[[ Information provided open ]]

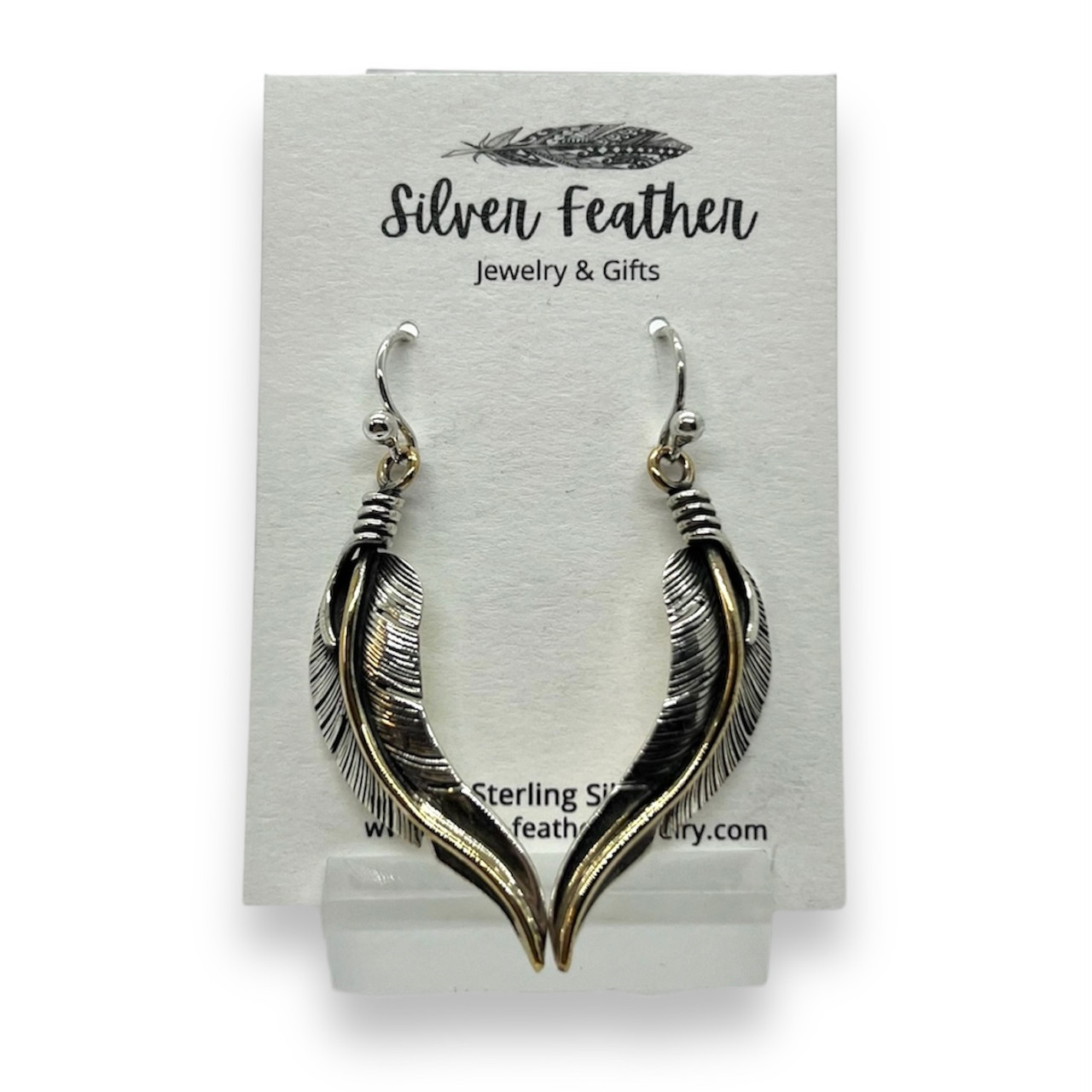 Beautiful sterling silver feather earrings with a 12kt gold fill vein through the middle of the feather. These earrings are Native American handmade. They measure about 2" long, even with the curve of the feather.
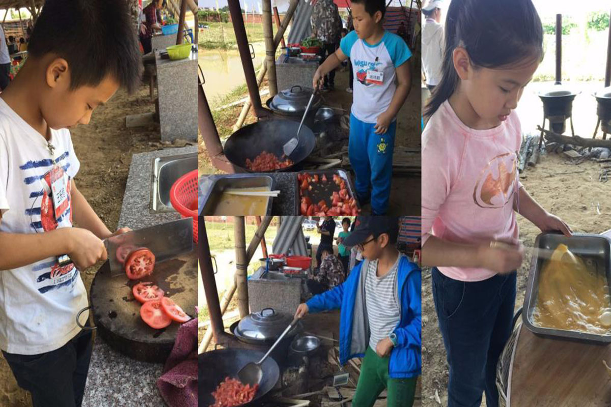 还有番茄炒蛋呢,每个同学都想动手切番茄打鸡蛋,教练让孩子们排好队,分好组,这一队轮流切番茄,这一队轮流打鸡蛋,各项工作进行得井然有序。
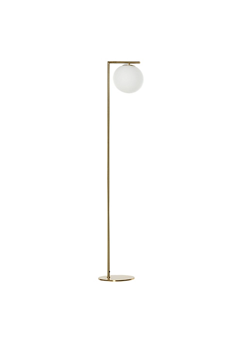 – Freestanding floor lamp includes a spherical-shaped glass lampshade;
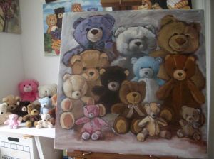 This painting is the result of a bunch of teddy bears piled up in the corner of my studio from a series I did a couple of years ago. They look at me all day. They are always behind my back with their many sets of plastic eyes staring at me. They all seem to be having fun making small talk yet freezing into position with a smirk or innocent smile as I turn around. They were doing things to my psyche so I decided to bunch them all up into a group and paint a picture. Hey, if you can’t beat them – join them. I’ll be coming back to work on this bunch of fluff later.

[[ Information provided closed ]]

## Instructions to follow
Make an exact copy of the lines from the top of the material through the line with "spherical-shaped glass lampshade;", pictures excluded.

## Exercise answer
 Beautiful sterling silver feather earrings with a 12kt gold fill vein through the middle of the feather. These earrings are Native American handmade. They measure about 2" long, even with the curve of the feather.
 还有番茄炒蛋呢,每个同学都想动手切番茄打鸡蛋,教练让孩子们排好队,分好组,这一队轮流切番茄,这一队轮流打鸡蛋,各项工作进行得井然有序。
 – Freestanding floor lamp includes a spherical-shaped glass lampshade;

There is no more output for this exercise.